§ Required work
Exclude all pictures, then write out exactly the lines below from the first one through the line with "[옷자락]여성 심플 비스코스 펄 글리터 패턴 시보리 니트 조끼".

§ Information shown
========

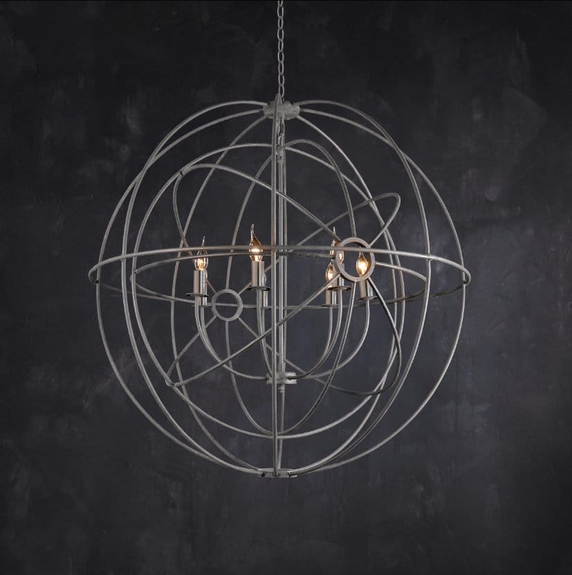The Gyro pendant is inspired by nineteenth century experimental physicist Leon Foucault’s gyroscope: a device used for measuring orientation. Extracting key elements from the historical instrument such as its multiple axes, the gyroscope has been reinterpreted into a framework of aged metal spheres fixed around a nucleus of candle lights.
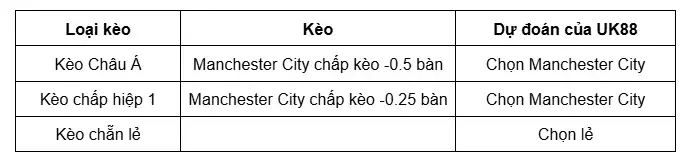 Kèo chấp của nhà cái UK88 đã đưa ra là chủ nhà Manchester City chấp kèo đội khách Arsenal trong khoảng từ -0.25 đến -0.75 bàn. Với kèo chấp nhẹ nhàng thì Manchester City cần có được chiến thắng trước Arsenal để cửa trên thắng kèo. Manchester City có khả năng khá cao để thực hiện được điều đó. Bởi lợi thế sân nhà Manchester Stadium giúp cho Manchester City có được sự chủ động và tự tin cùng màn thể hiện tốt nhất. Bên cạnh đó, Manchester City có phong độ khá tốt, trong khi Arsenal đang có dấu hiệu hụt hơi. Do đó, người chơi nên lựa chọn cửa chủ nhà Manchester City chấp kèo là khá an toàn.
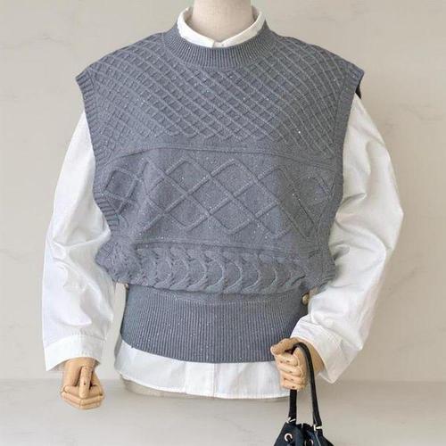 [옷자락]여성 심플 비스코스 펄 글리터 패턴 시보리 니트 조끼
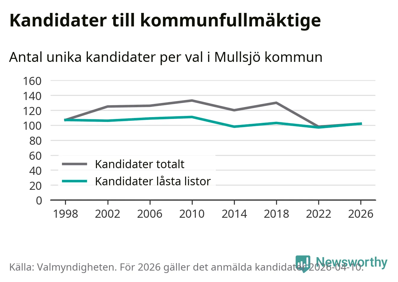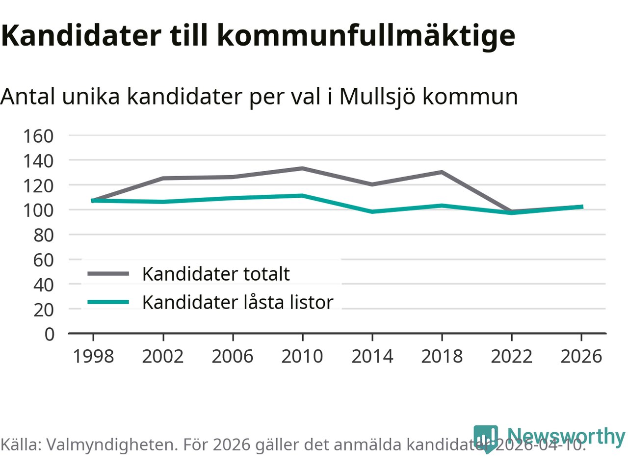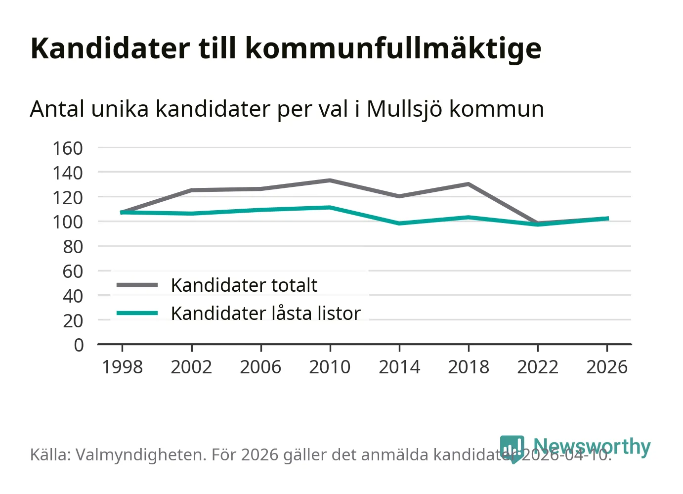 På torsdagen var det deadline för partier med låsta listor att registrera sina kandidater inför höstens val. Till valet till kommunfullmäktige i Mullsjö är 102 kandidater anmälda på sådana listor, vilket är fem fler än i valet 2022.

========

§ Worked solution
The Gyro pendant is inspired by nineteenth century experimental physicist Leon Foucault’s gyroscope: a device used for measuring orientation. Extracting key elements from the historical instrument such as its multiple axes, the gyroscope has been reinterpreted into a framework of aged metal spheres fixed around a nucleus of candle lights.
 Kèo chấp của nhà cái UK88 đã đưa ra là chủ nhà Manchester City chấp kèo đội khách Arsenal trong khoảng từ -0.25 đến -0.75 bàn. Với kèo chấp nhẹ nhàng thì Manchester City cần có được chiến thắng trước Arsenal để cửa trên thắng kèo. Manchester City có khả năng khá cao để thực hiện được điều đó. Bởi lợi thế sân nhà Manchester Stadium giúp cho Manchester City có được sự chủ động và tự tin cùng màn thể hiện tốt nhất. Bên cạnh đó, Manchester City có phong độ khá tốt, trong khi Arsenal đang có dấu hiệu hụt hơi. Do đó, người chơi nên lựa chọn cửa chủ nhà Manchester City chấp kèo là khá an toàn.
 [옷자락]여성 심플 비스코스 펄 글리터 패턴 시보리 니트 조끼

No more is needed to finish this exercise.